An Indian Princess in Essex

Picture of Princess Helen's grave

An Indian Princess in Doddinghust

A new discovery for Essex

With the help of the National Lottery Heritage Fund and a community grant from Brentwood Borough Council, we told the little-known story of Helen Randhir Singh Ahluwalia of Kapurthala, an Indian Princess who is buried at All Saints’ church near Brentwood.

This unique piece of diverse cultural heritage in a rural Essex parish offered an opportunity to bring together Sikh historians and a community of volunteer researchers to explore, celebrate and create new materials to help us share Helen’s story.

Princess Helen was the youngest daughter of Randhir Singh. He was the ruling Maharajah in the state of Kapurthala and was responsible for restoring the family’s power and position by aligning himself with the British Empire. His third wife was the daughter of Robert Hodges, a British civil servant who had taught Randir Singh English. Together they had three daughters, the youngest being Princess Helen. Upon his death, Randhir Singh’s wife and daughters settled in London where her mother allowed her to mix, unchaperoned with the elite of London society. This resulted in her living a short but full and intriguing life, before she died of tuberculosis aged only 23 in October 1887.

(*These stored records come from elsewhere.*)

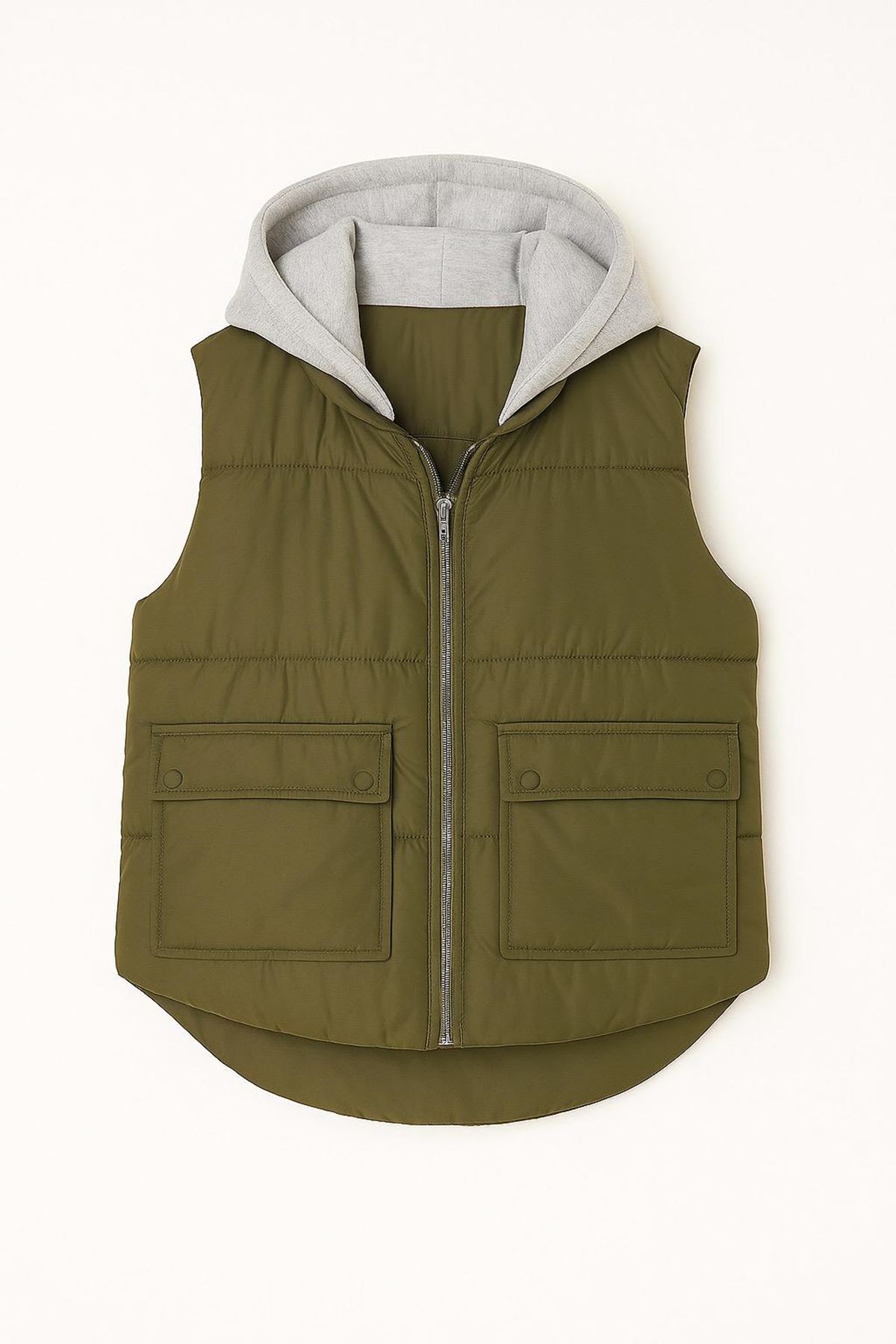 Gri Kapüşonlu Kısa Şişme Yelek - Haki
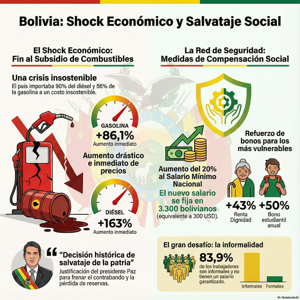 Sin embargo, analistas económicos señalan que estas compensaciones se centralizan en el sector formal de la economía. Según datos de la Organización Internacional del Trabajo (OIT), el 83,9% de los trabajadores bolivianos son informales y no cuentan con un salario garantizado. Para este segmento, la subida del diésel se traduce en mayores costos de transporte e insumos sin una red de protección equivalente.
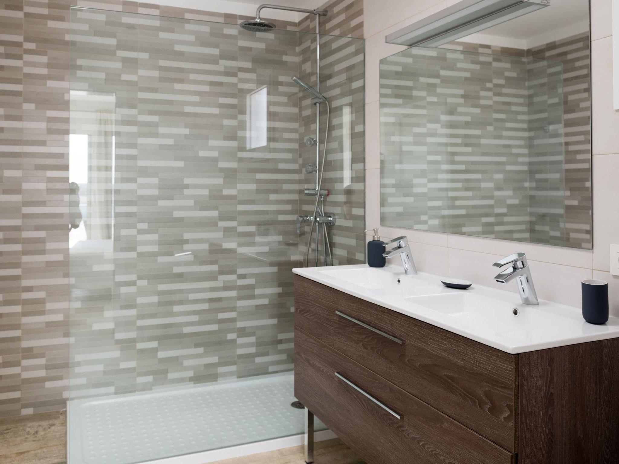 "Maria", 4-room terraced house 65 m2. Practical and comfortable furnishings: living/dining room with satellite TV, digital TV, flat screen and air conditioning. Exit to the terrace, to the swimming pool. 1 room with 1 french bed (1 x 150 cm, length 190 cm), shower/WC and air conditioning. 2 rooms, each room with 2 beds (90 cm, length 190 cm). Open kitchen (oven, dishwasher, 3 ceramic glass hob hotplates, toaster, kettle, microwave, electric coffee machine). Exit to the terrace. Shower/WC. Terrace. Terrace furniture, barbecue (portable), deck chairs (4). View of the mountains, the swimming pool and the garden. Facilities: washing machine, safe, iron, children's high chair, baby cot for up to 2 year olds, hair dryer. Internet (WiFi, free). Parking. Please note: non-smoking house. VV-35-3-0002559 // Reg. Nr.: ESFCTU0000350190004217040000000000000VV-35-3-00025597

Essex Cultural Diversity Project worked with a range of partners including Anglo Punjab Heritage Foundation and All Saints Church to bring the story to life. The project comprised collaborative research, presentations and food sharing events for the local parish and visiting Sikh communities, a new website and short film about her life and heritage, and a pop-up exhibition curated by Simran Bance, which will go on tour across Essex later in 2023.